Evaluation

This page summarizes the performance of multi-tensor-copier compared to standard PyTorch .to() calls when copying training meta-data from CPU to GPU.

Setup

The benchmark uses the same data structure as the example: per-sample meta-data from a multi-camera 3D object detection pipeline, containing variable-size bounding boxes, class IDs, active flags, depths, and projection matrices for 6 cameras, plus ground truth 3D bounding boxes with associated attributes. See the example for the full data structure description.

Benchmark Configuration
Parameter	Value
Batch size	16 samples
Total tensors per batch	528
Total transfer size per batch	~150 KB
Runs	10
Warmup iterations (per run)	100
Measured iterations (per run)	1000

Two baselines are compared against multi-tensor-copier:

``.to()`` hardcoded – per-tensor .to(device) calls with the data structure known at development time (representative of a manual implementation in a training pipeline).
``.to()`` generic – a recursive traversal that copies all tensors in an arbitrary nested structure using .to(device), with isinstance checks and dictionary key iteration at each level.

Note

The evaluation measures only the copy time itself, without any concurrent work.

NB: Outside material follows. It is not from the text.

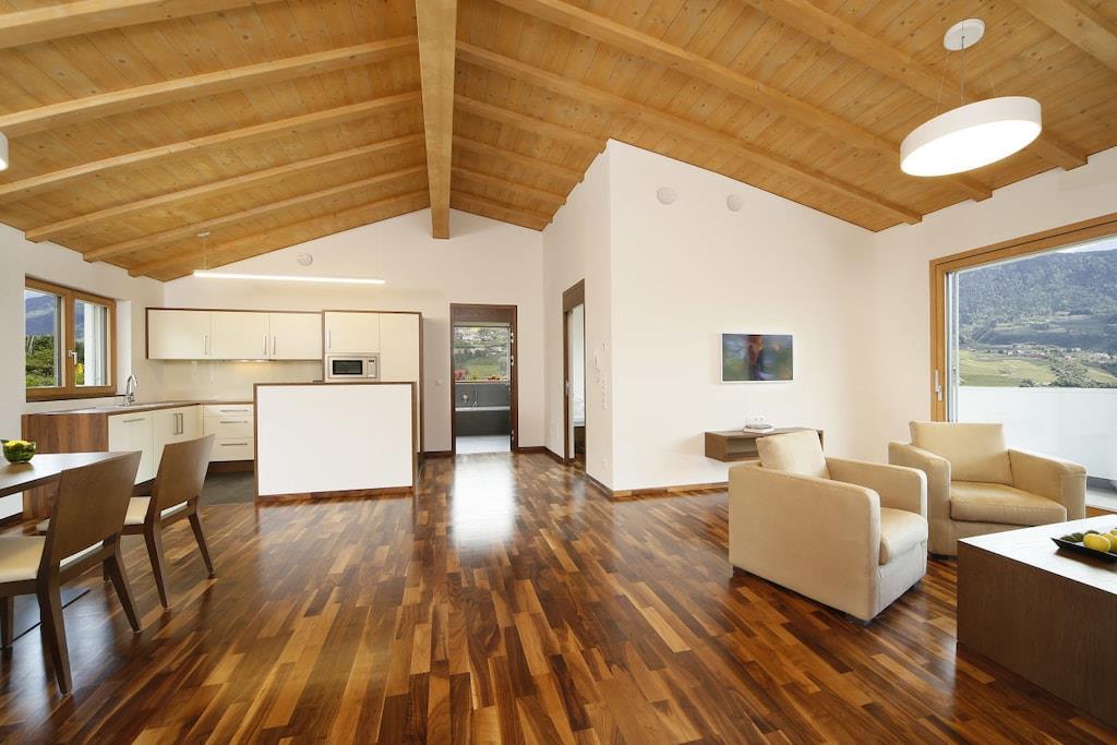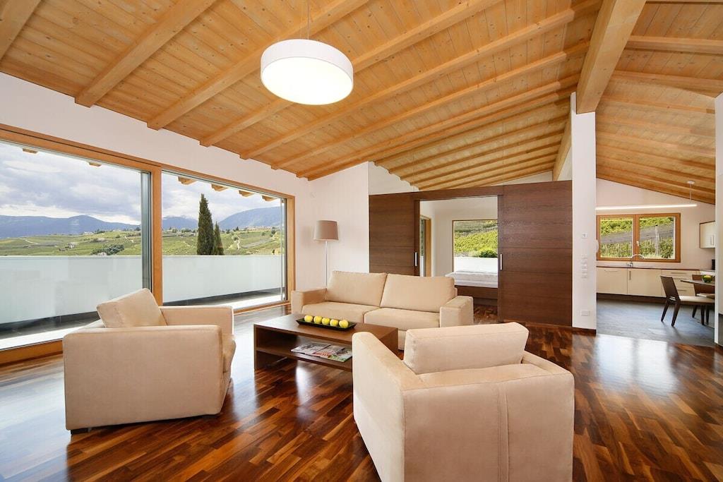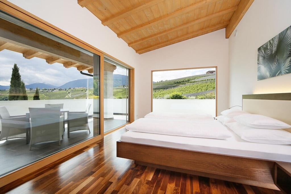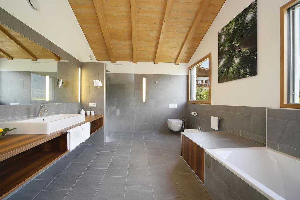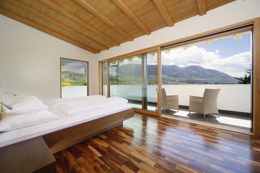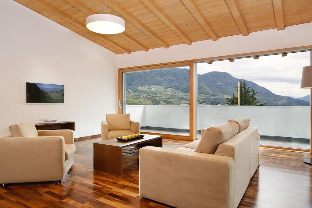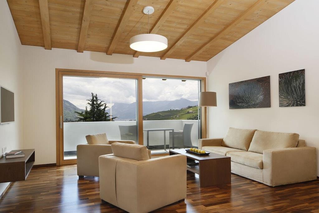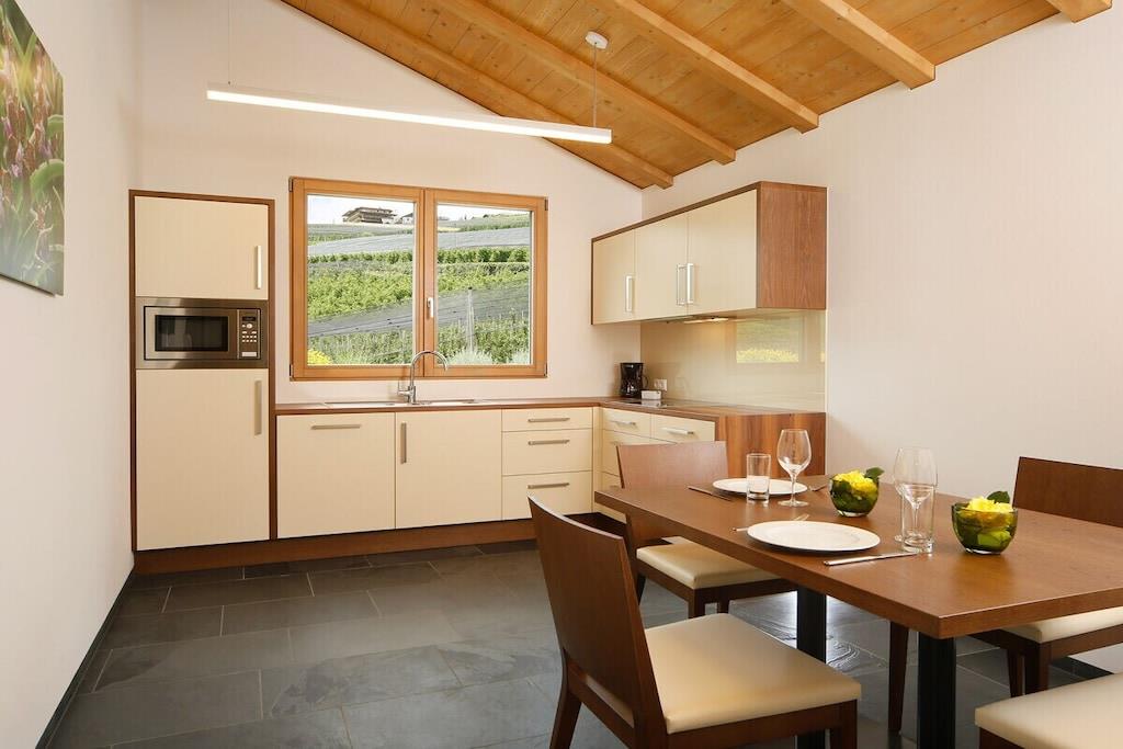 Ferieleiligheten har et stort soverom med panoramautsikt, en stue med satellitt-TV, et fullt utstyrt kjøkken og en sørvendt balkong. Badet har dusj, toalett, bidet, hårføner og sminkespeil. Et ventilasjonssystem regulerer oppvarming og kjøling, noe som sikrer et spesielt behagelig inneklima. Et oppvarmet svømmebassengkompleks med panoramautsikt og en toetasjes solplen, samt en grusbane, forbedrer ditt velvære på feriestedet vårt. Et treningsrom og badstueområde ligger i hovedbygningen.

In practice, multi_tensor_copier allows overlapping the copy with other computation (see the example), which can hide some of the latency. The speedups reported here therefore reflect the improvement in raw copy throughput, not necessarily the full potential benefit in an end-to-end training loop.

Hardware

System Configuration
GPU	CPU
NVIDIA RTX 5000 Ada Generation	AMD Ryzen 9 7950X 16-Core Processor

Results

Runtime and Speedup (mean +/- std over 10 runs)
Method	Runtime [ms]	Speedup
`.to()` hardcoded	3.035 +/- 0.006	(baseline)
`.to()` generic	3.172 +/- 0.006	(baseline)
`multi_tensor_copier`	0.375 +/- 0.008	8.10x +/- 0.16 vs hardcoded, 8.47x +/- 0.16 vs generic

The multi-tensor-copier package achieves a speedup of approximately 8x over both baselines. The generic traversal baseline is slightly slower than the hardcoded baseline due to Python overhead from isinstance checks and dictionary key iteration, but the difference is small compared to the overall runtime.

Note

In this example the absolute copy time of the baseline (~3 ms with .to()) is moderate. As the complexity of the meta-data grows (e.g. with additional variable-length annotations such as lane geometry with multiple lanes per sample that cannot be combined into single tensors), the number of tensors and thus the overall transfer overhead increases, leading to larger optimization potential. Similarly, larger batch sizes multiply the number of tensors proportionally.